- Input records:
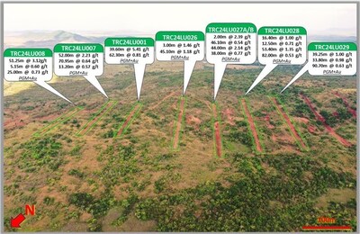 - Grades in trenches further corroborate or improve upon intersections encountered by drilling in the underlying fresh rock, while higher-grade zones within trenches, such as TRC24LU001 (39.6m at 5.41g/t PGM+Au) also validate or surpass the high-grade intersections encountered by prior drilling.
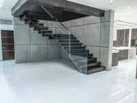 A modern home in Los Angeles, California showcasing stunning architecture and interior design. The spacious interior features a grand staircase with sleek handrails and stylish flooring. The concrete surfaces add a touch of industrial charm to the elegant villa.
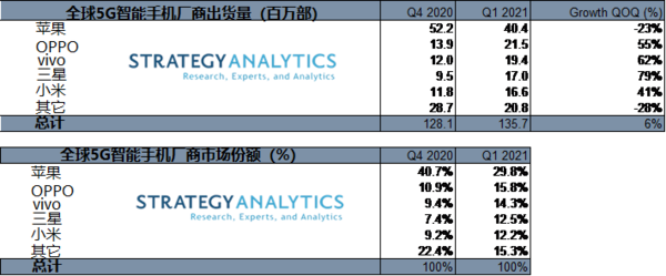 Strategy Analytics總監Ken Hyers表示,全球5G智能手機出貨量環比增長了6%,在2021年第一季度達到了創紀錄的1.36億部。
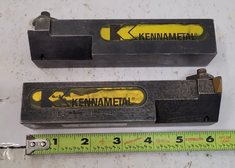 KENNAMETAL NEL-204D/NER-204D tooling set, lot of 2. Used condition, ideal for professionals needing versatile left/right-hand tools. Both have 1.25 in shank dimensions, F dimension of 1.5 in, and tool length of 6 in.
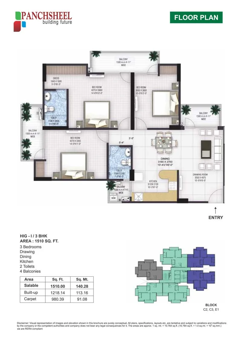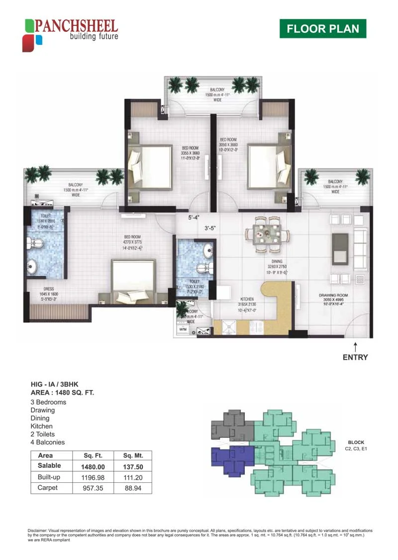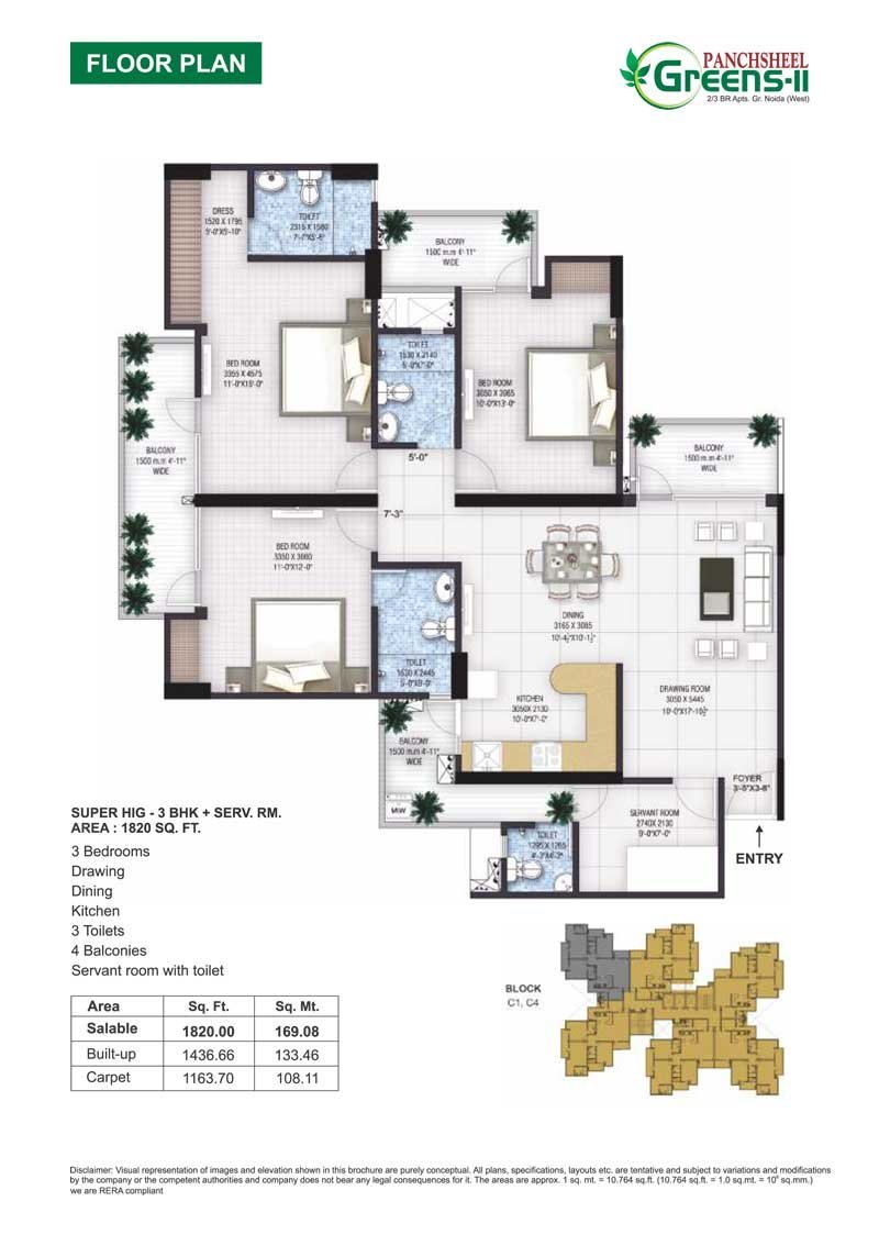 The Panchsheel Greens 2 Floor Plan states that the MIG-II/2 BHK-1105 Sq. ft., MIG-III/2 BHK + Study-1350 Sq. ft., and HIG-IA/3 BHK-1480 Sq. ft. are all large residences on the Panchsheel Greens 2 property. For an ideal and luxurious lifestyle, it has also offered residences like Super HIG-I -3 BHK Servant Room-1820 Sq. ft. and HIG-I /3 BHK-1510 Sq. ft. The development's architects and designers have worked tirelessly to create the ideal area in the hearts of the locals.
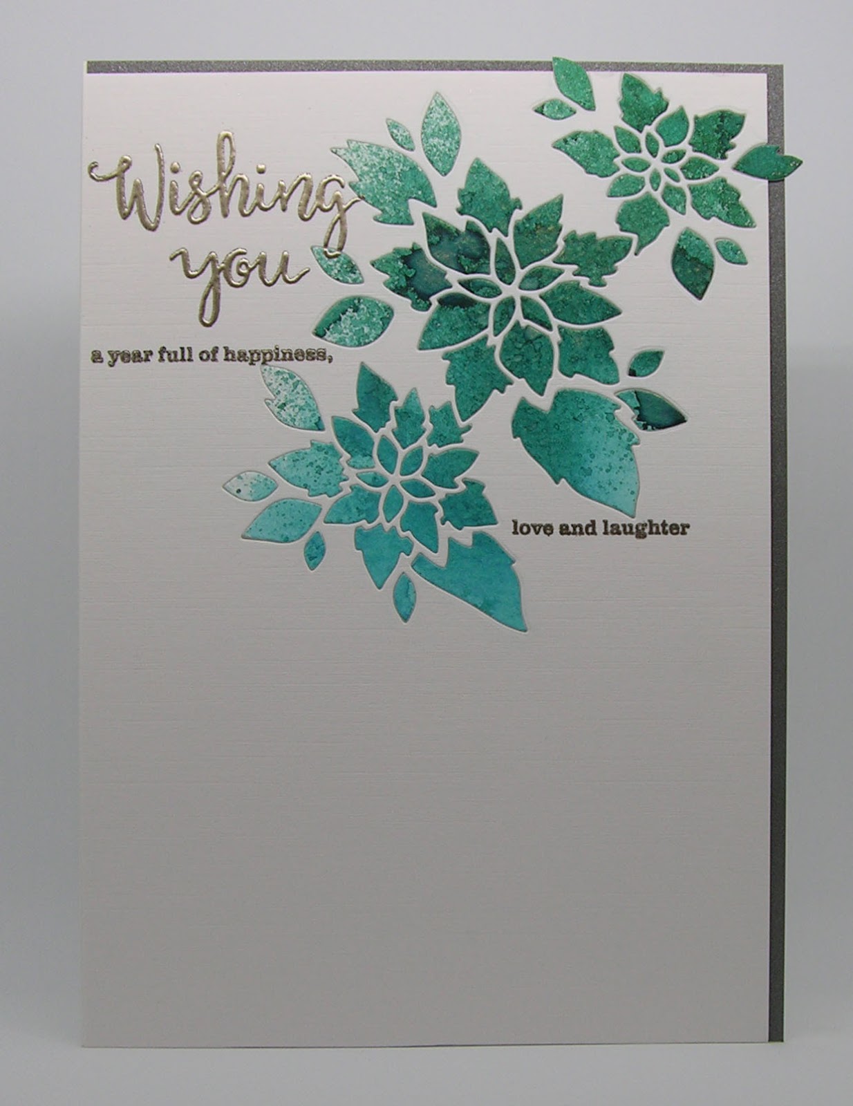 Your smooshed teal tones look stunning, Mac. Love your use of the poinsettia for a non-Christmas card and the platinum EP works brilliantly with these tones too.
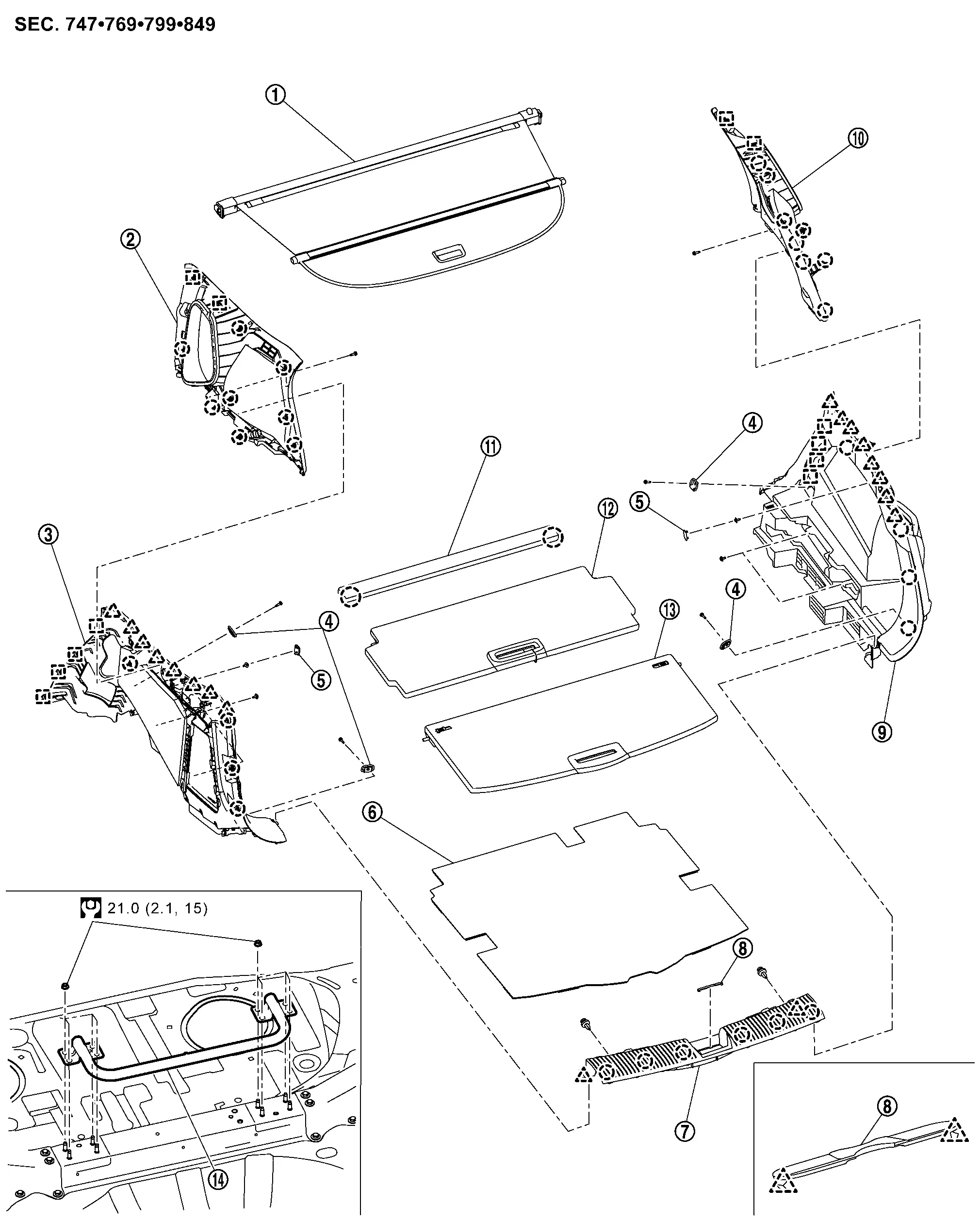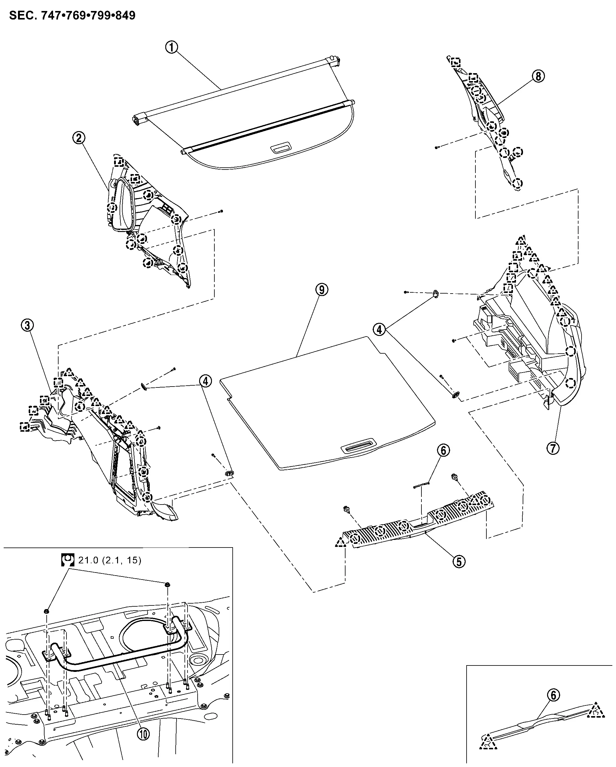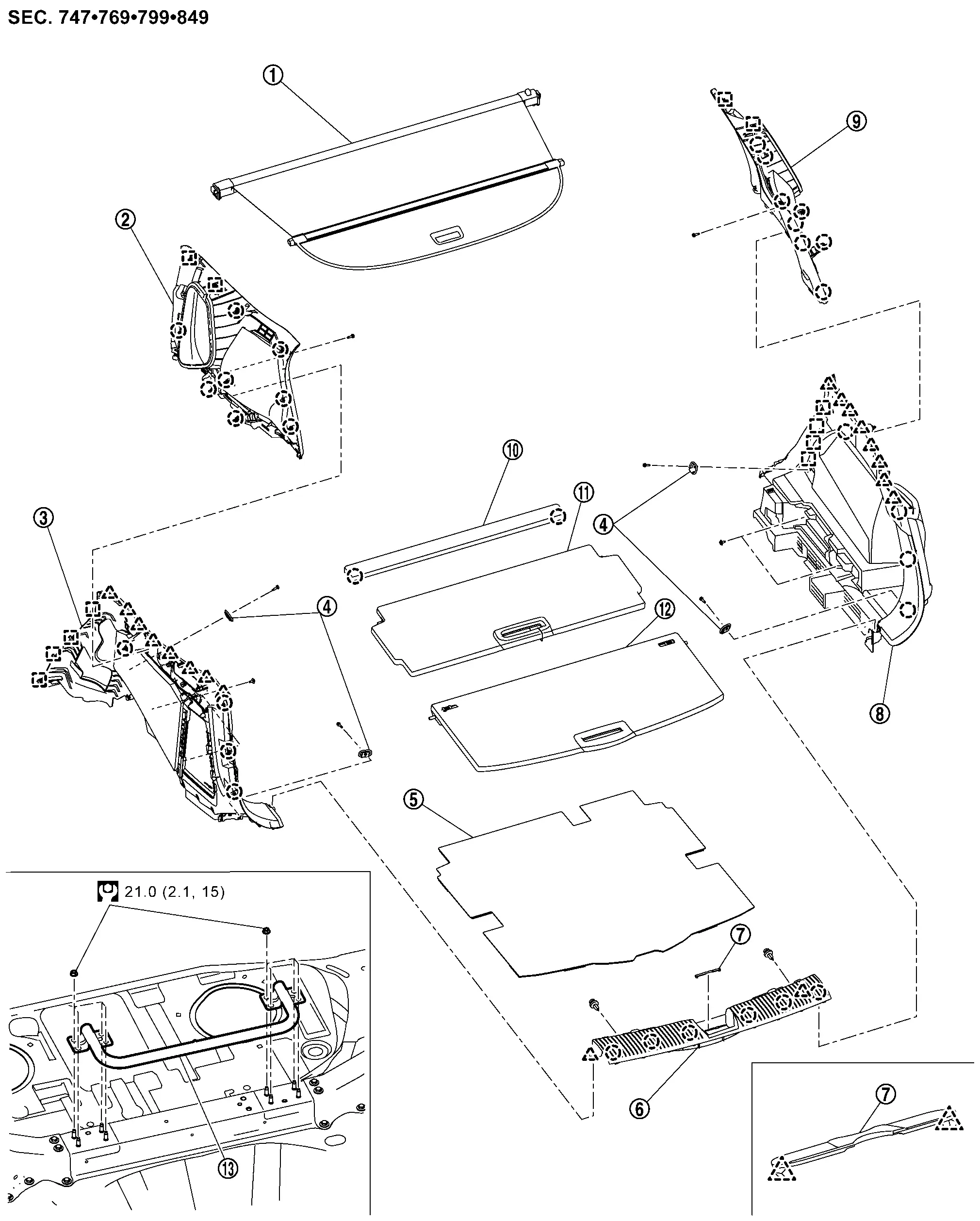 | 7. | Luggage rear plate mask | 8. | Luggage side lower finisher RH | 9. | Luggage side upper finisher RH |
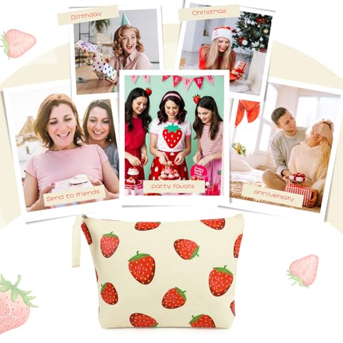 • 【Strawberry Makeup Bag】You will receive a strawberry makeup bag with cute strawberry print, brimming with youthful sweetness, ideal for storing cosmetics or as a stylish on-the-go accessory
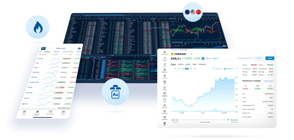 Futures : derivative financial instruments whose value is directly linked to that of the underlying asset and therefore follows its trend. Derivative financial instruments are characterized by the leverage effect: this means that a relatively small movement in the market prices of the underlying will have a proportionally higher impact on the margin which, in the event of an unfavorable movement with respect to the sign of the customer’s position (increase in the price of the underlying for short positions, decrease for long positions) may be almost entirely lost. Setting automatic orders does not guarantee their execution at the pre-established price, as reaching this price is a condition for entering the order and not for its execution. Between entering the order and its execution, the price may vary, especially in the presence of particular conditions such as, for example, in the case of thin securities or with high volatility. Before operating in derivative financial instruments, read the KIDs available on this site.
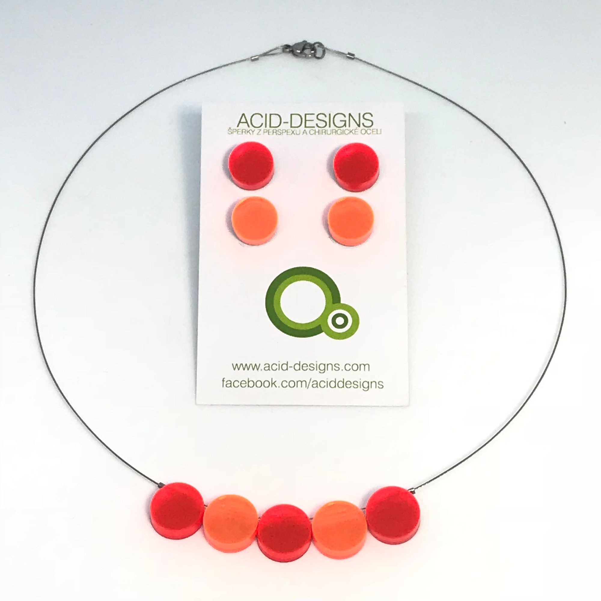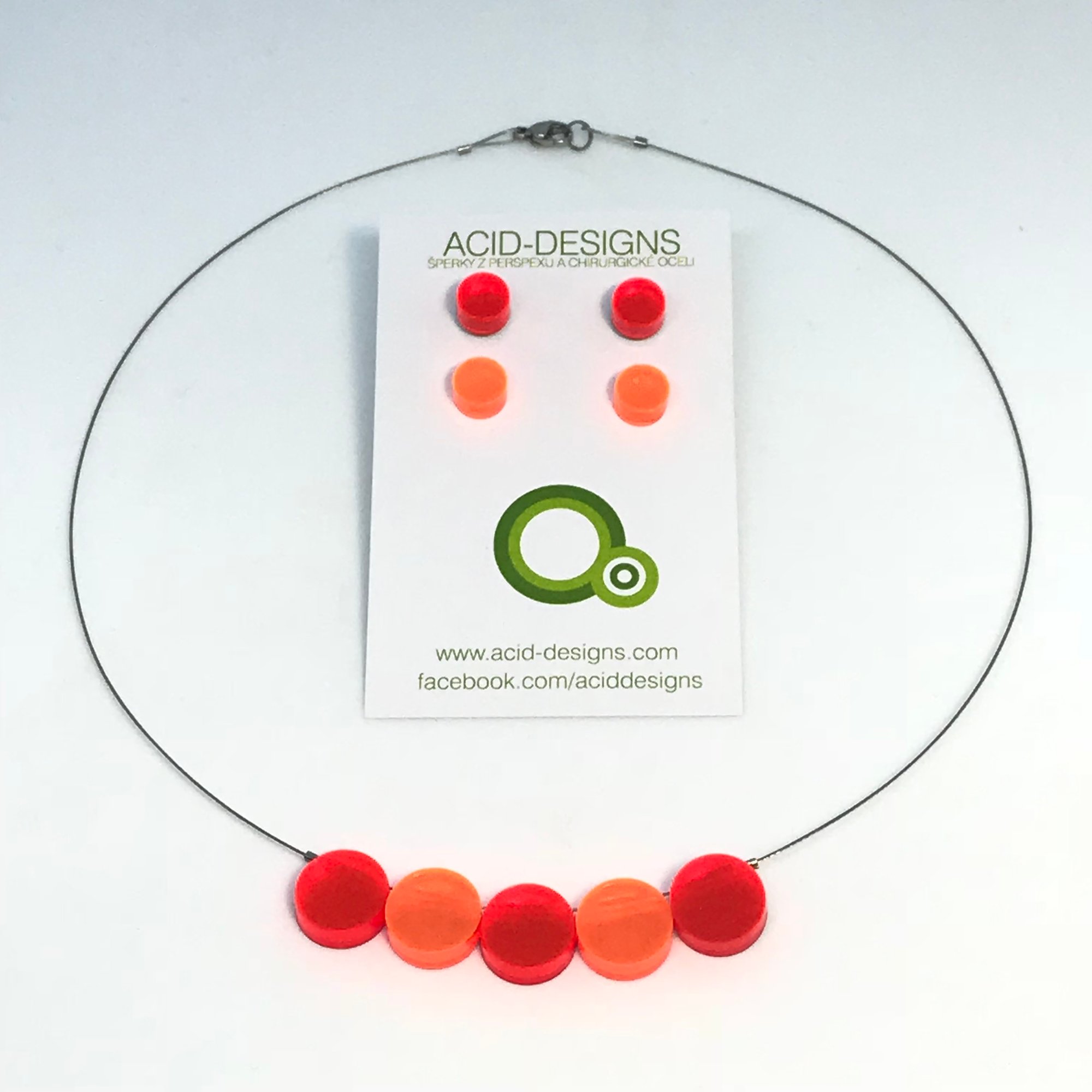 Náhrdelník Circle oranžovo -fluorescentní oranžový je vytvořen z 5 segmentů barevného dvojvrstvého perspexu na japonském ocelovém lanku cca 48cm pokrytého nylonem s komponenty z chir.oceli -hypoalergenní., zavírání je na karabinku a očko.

- How to complete this task: Beginning at the line that has "upper finisher RH |" and ending at the line that has "stylish on-the-go accessory", restate the listing above word for word, pictures left out.

- Response:
 | 7. | Luggage rear plate mask | 8. | Luggage side lower finisher RH | 9. | Luggage side upper finisher RH |
 • 【Strawberry Makeup Bag】You will receive a strawberry makeup bag with cute strawberry print, brimming with youthful sweetness, ideal for storing cosmetics or as a stylish on-the-go accessory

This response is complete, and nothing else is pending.